On Optimizing the Communication of Model Parallelism

Read original: arXiv:2211.05322 - Published 8/20/2024 by Yonghao Zhuang, Hexu Zhao, Lianmin Zheng, Zhuohan Li, Eric P. Xing, Qirong Ho, Joseph E. Gonzalez, Ion Stoica, Hao Zhang

📈

Overview

Explores a new communication pattern in large-scale model-parallel deep learning called "cross-mesh resharding"
This pattern emerges when combining intra-operator and inter-operator parallelism to support large models on large clusters
Formalizes cross-mesh resharding as a many-to-many multicast communication problem
Proposes two contributions to address this: an efficient broadcast-based communication system and an overlapping-friendly pipeline schedule
Evaluates the system on microbenchmarks and end-to-end training of large models like GPT-3 and U-Transformer

Plain English Explanation

When training very large deep learning models, researchers often use a technique called "model parallelism" to split the model across multiple devices (like GPUs). This allows the model to be trained more quickly by dividing the work.

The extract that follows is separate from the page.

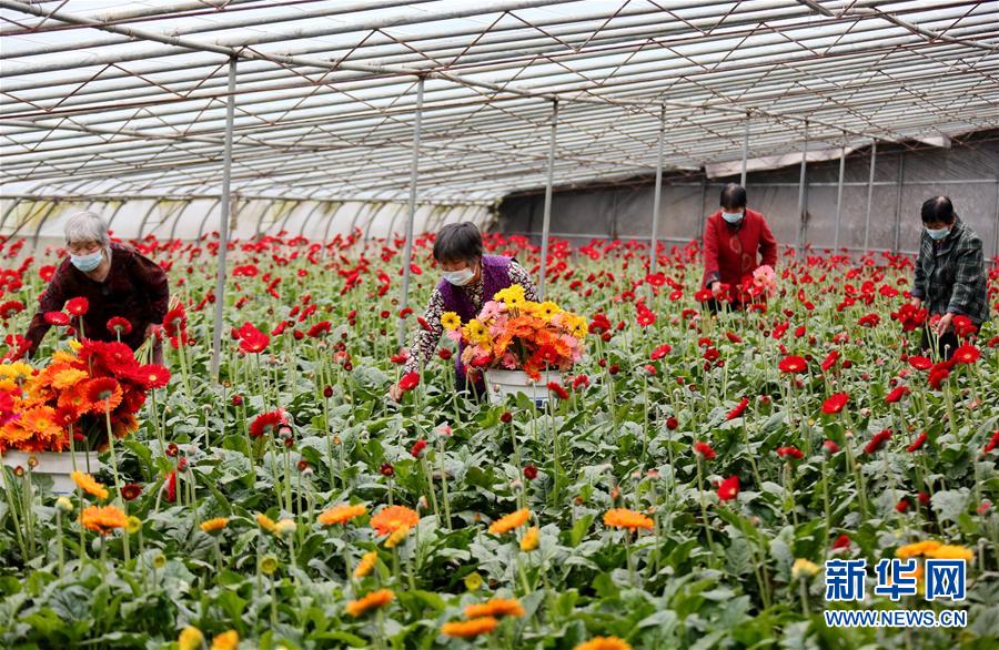 3月29日,在山東省棗莊市嶧城區(qū)榴園鎮(zhèn)富森扶貧花卉基地,村民在采摘鮮花。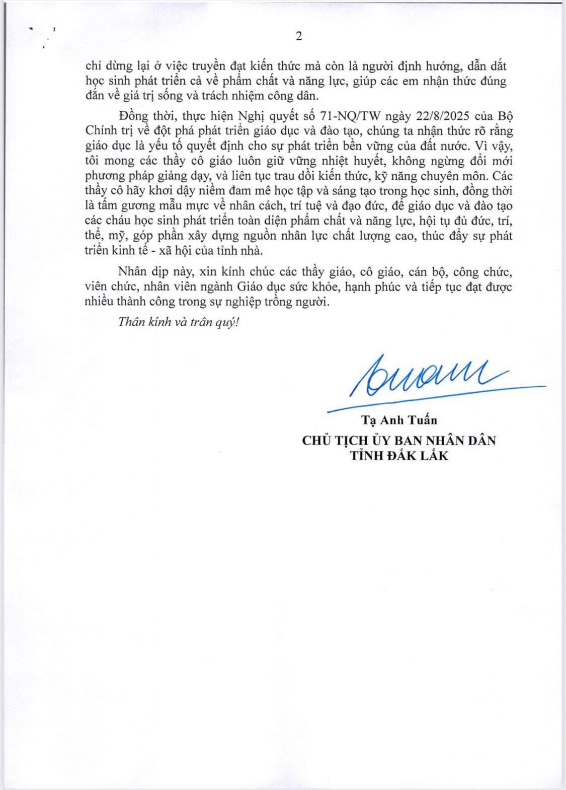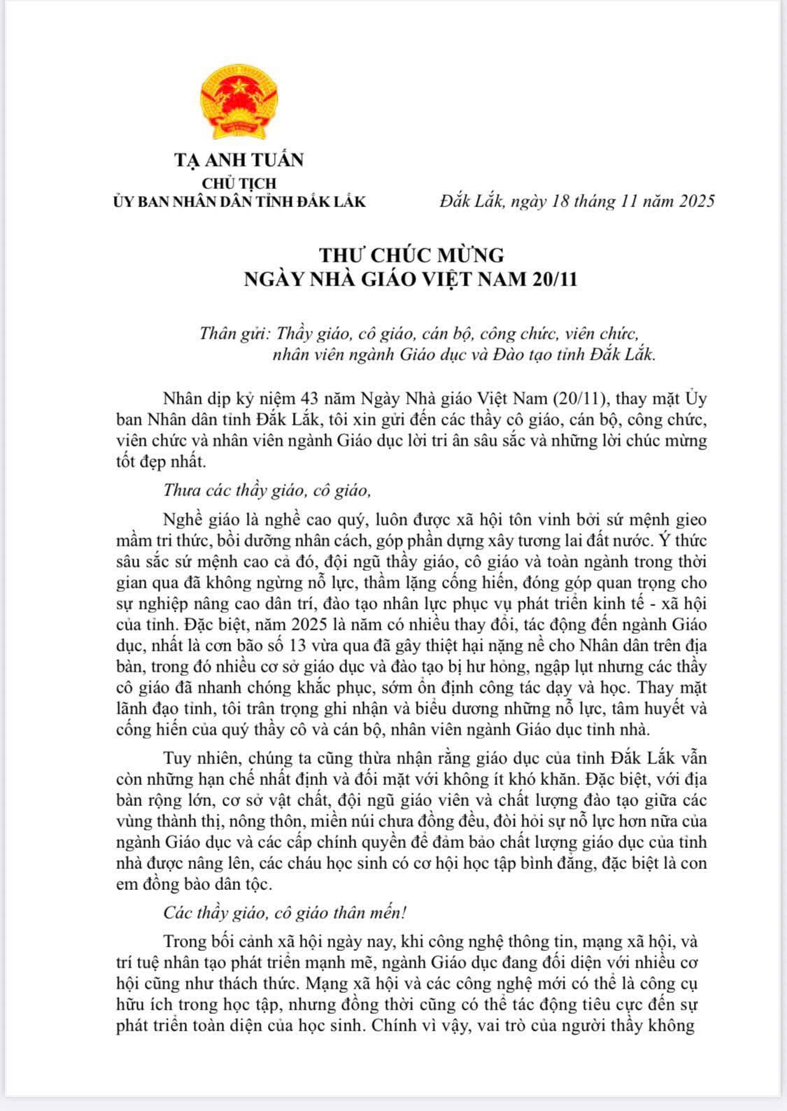 THƯ CHÚC MỪNG NGÀY NHÀ GIÁO VIỆT NAM 20/11

However, this introduces a new communication challenge - the different parts of the model need to share data with each other during training. The authors refer to this as "cross-mesh resharding," where a tensor (a multi-dimensional array of data) needs to be sent from one set of devices to another, potentially with a different layout.

The authors show that existing approaches for this communication are either inefficient or don't work well with different network topologies or tensor layouts. To address this, they propose two key contributions:

An efficient broadcast-based communication system that can quickly move data between device meshes.
An overlapping-friendly pipeline schedule that hides some of the communication latency by overlapping it with computation.

When evaluated on benchmark tests and training large models like GPT-3 and U-Transformer, this overall system outperforms existing approaches by up to 10x and can improve training throughput by 10-50%.

Technical Explanation

The paper formalizes the cross-mesh resharding problem as a many-to-many multicast communication challenge. In this scenario, a tensor needs to be sent from a source device mesh to a destination device mesh, where the tensor may be distributed differently across the devices.

The authors propose two key technical contributions to address this problem:

Broadcast-based Communication System: Rather than using a more traditional point-to-point communication approach, the authors develop an efficient broadcast-based system. This allows the source devices to simultaneously send the tensor to all destination devices, leveraging the underlying network topology.
Overlapping-friendly Pipeline Schedule: To further improve performance, the authors design a pipeline schedule that overlaps communication and computation. This hides some of the communication latency by executing other useful work while the data is being transferred.

The paper evaluates this system on both microbenchmarks and end-to-end training of large models. On the microbenchmarks, the authors show their approach outperforms existing techniques by up to 10x across various tensor and mesh layouts.

When applied to training GPT-3 and U-Transformer, the authors report throughput improvements of 10% and 50% respectively compared to prior methods.

Critical Analysis

The paper presents a well-designed and thorough solution to the cross-mesh resharding problem in large-scale model-parallel deep learning. The formalization of the problem as a many-to-many multicast communication challenge is a helpful framing, and the two technical contributions seem well-justified and effective based on the experimental results.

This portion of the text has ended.